Terminology	MySQL	Description
schema	schema	Map to a MySQL Database Schema
entity	table	Map to a MySQL Table
property	column	Map to a MySQL Column
index	index	Map to a database index, such as primary key, unique index
reference	foreign key	Map to a database foreign key
entity entry	data row	Map to a predefined data row

Define Schema

Schema

A database schema is defined through a YAML file. It contains two required properties:

name - The name of the schema; it doesn't have to match the actual database schema name, but it is recommended to do so.
entities - A set of entity definitions. At least one entity is required.

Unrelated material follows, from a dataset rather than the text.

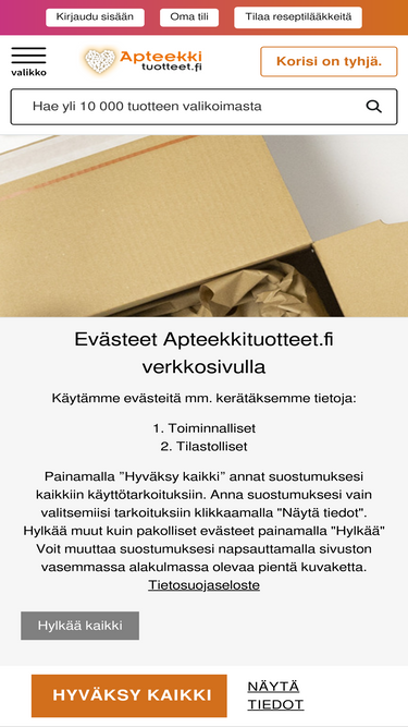 58%Apteekkituotteet.fi verkkoapteekki on apteekkisi verkossa. Nopea toimitus alkaen 0 € ja yli 10 000 tuotteen valikoima apteekin tuotteita juuri sinulle.

Entities with the same name are considered duplicates, which will cause an error.

The following is a sample schema with name "text" and an entity "country"

name: test
entities:
  - name: country
    properties:
      - name: "id"
        type: "sequence"
        index:
          id: 0

This schema definition is equivalent to the a MySQL schema "test" with the following structure

CREATE TABLE `country` (
  `id` int unsigned NOT NULL AUTO_INCREMENT,
  PRIMARY KEY (`id`)
);

Entity

Entity presents a definition of a database table. It contains two properties: name and properties. Both properties are required for a valid definition.

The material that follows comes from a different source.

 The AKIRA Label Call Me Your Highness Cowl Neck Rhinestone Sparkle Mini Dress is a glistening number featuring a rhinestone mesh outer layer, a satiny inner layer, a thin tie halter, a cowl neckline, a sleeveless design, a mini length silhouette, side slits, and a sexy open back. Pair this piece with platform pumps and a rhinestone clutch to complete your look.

name - The name of the entity; it doesn't have to match the actual database table name, but it is recommended to do so.
Properties - A set of property definitions. Each property can be mapped to a database column. Following is a sample entity definition

  - name: country
    properties:
      - name: "id"
        type: "sequence"
        index:
          id: 0
      - name: "name"
        type: "text"
        constraints:
          - type: size
            min: 0
            max: 20
      - name: "code"
        type: "text"
        constraints:
          - type: length
            max: 2

The above entity definition can be used to generate data for the following MySQL table

CREATE TABLE `country` (
  `id` int unsigned NOT NULL AUTO_INCREMENT,
  `name` varchar(20) NOT NULL,
  `code` char(2) NOT NULL,
  PRIMARY KEY (`id`)
)

Property

Property is an abstraction of a database column. It has four properties:

name - A (column) name to identify the property
type - A predefined data type for generation
index - A unique constraint enforced on one or multiple properties under same entity, can be used to define database primary key or unique index
constraints - A list of Constraint definition to provide rules for the data generation
reference - The way to identify a value is provided by another entity. It's how a database foreign key is defined.

Type

The following five property types can be used for this tool

Type	Description
sequence	An auto incremental number, by default starting at 1.
text	Any text value
number	Any decimal number value, such as 100, -54 or 99.99
date	A date value, the output format is "yyyy-MM-dd"
datetime	A date time value, the output format is "yyyy-MM-dd HH:mm:ss"
time	A time value, the output format is "HH:mm:ss"

Index

An index definition contains three parts: id, type and qualifier.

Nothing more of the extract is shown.